A friend sent me this link to an article at the Awl in which four literary writers talk about their reactions to editorial title changes. An example, from author Suzanne Morrison re her book Yoga Bitch:
A lot of writers think their editors are crazy when they try and change their titles, but I didn’t. I knew exactly what she was talking about, because I had been worrying about the same thing. In writing the story as a book, deeper themes emerged that hadn’t been present in the play; fear of death, yearning for faith, the hunt for something real. I was as worried as my editor that these more earnest aspects of the book would confuse or disappoint readers looking for a light, edgy, sardonic tale. I imagined a woman in skinny jeans and halter top reading about my secret yearning for God and faith and throwing the book underfoot to poke holes in its cover with her stiletto heels: I was promised bitchy! This isn’t bitchy!

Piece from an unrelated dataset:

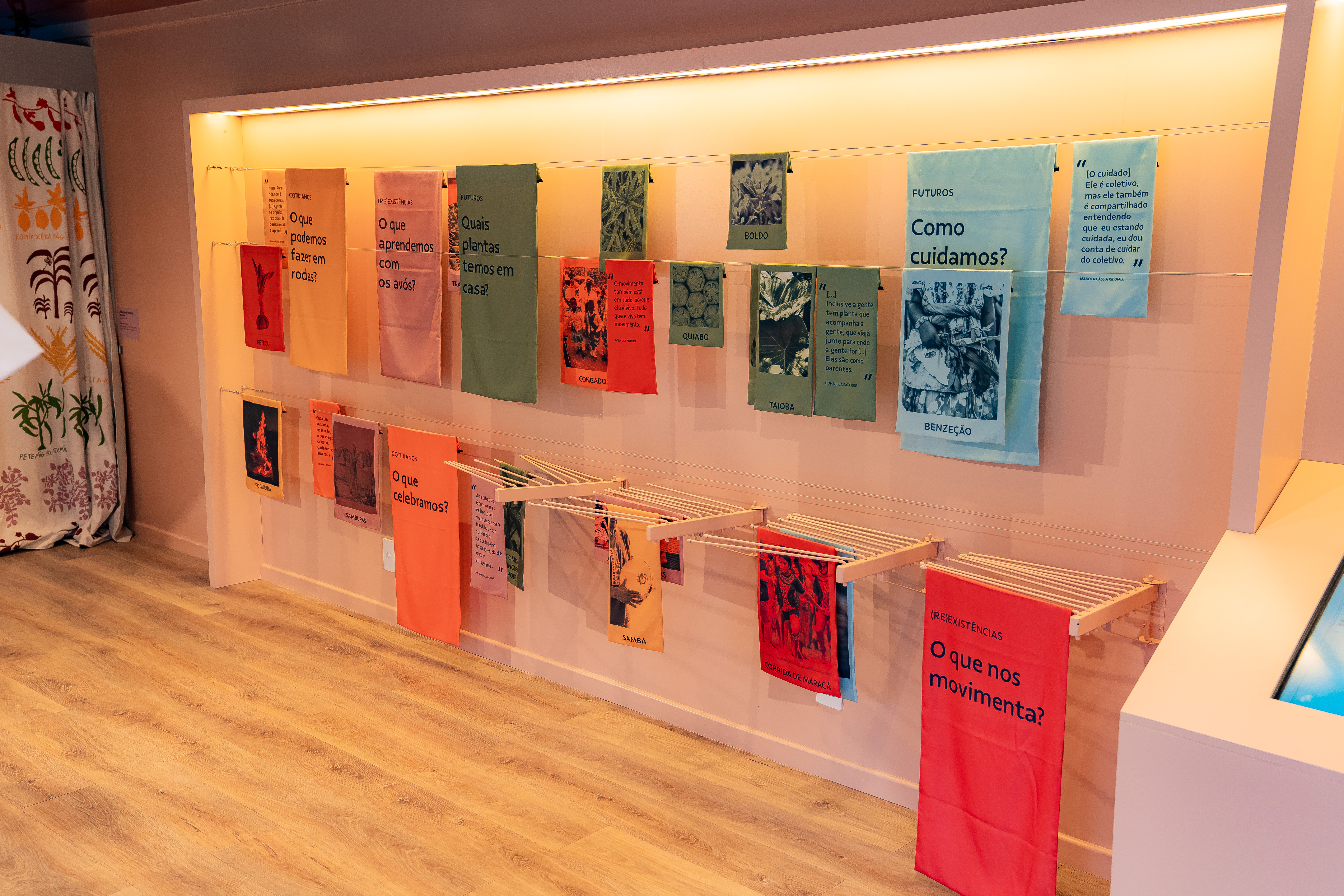 Finalmente, o Varal dos Saberes é uma obra interativa que convida o público a refletir sobre os eixos curatoriais da exposição através de perguntas, imagens e um mapa digital com informações sobre a ocupação territorial de Minas Gerais por povos indígenas e comunidades quilombolas. Nesta obra, os eixos curatoriais se manifestam a partir de seis perguntas, em que a curadoria oferece um grupo de palavras e imagens de celebrações, alimentos e experiências relacionadas aos povos indígenas e quilombolas.

::waha:: I have to confess, I had the same worries about The Hundred Thousand Kingdoms — which, As You Know, Bob, was once called The Sky God’s Lover. Back when I first came up with that title (12-ish years ago), I was worried. It was meant to be a double-/triple-entendre (there are two sky gods, and three lovers; it’s a reference to the Gods’ War being a lovers’ quarrel), but I feared that it would a) make SFF readers dismiss it as romance, which would be easy since even my full name could do that, and b) make romance readers angry because it wasn’t romance. I imagined a woman in practical flats throwing the book underfoot and declaring, I was promised a lover! What’s this polyamorous shit? And why do two of the lovers hate each other? And so on. I imagined the stomped-upon book then being sniffed at by a sneaker-wearing man who wouldn’t even bother to pick it up: Oh, my. I believe that novel might be… girly. He’d then walk off in a huff.
Still, it was the best title I could come up with, so I ran with it. The original titles of all three novels were The Sky God’s Lover, The Bright God’s Bane, and The Broken God’s Get. And I’d labeled the trilogy as a whole a somewhat hippieish “Earth and Sky”, though I was waffling between that and “the War of Earth and Sky” because I thought fantasy trilogy titles needed more words. (OK, not really. I was actually just trying to capture the feel of old-school epics, a la “the Epic of Gilgamesh” and “the Sundiata Cycle”. But also, I thought it needed more words.)
When the book sold (the first book was finished when I sold it; was still working on the next two), my editor let me know they might need to do a name change, for the exact reasons that I’d worried about: the title made it sound like something it wasn’t. I wasn’t privy to the discussions about the title between Orbit’s folks; I gather it was a joint discussion among several people. But then my editor asked me how I felt about The Hundred Thousand Kingdoms, which had been suggested by Orbit’s publishing director, Tim Holman. I fricking loved it; it solved so many of the problems of the old title! But it also carried some baggage of its own. I pointed out that the story wasn’t really about the kingdoms, after all; there was a reason I wanted the gods mentioned in the title. “The Hundred Thousand Kingdoms” is just the name of the world — a la “the Entire” of Kay Kenyon’s “The Entire and the Rose” quartet, just a grandiose name for “everything under the sun” — which readers would only realize once they started reading the book. I also worried that the new title would obscure the breadth of the tale, making it sound more small-scale than it is: a story about the kingdoms of humankind, rather than the way humans navigate in a universe of gods. I envisioned a reader of indeterminate gender stomping on the book with cherry-red Doc Martens and shrieking, I was promised kingdoms! Where are the other 99,998?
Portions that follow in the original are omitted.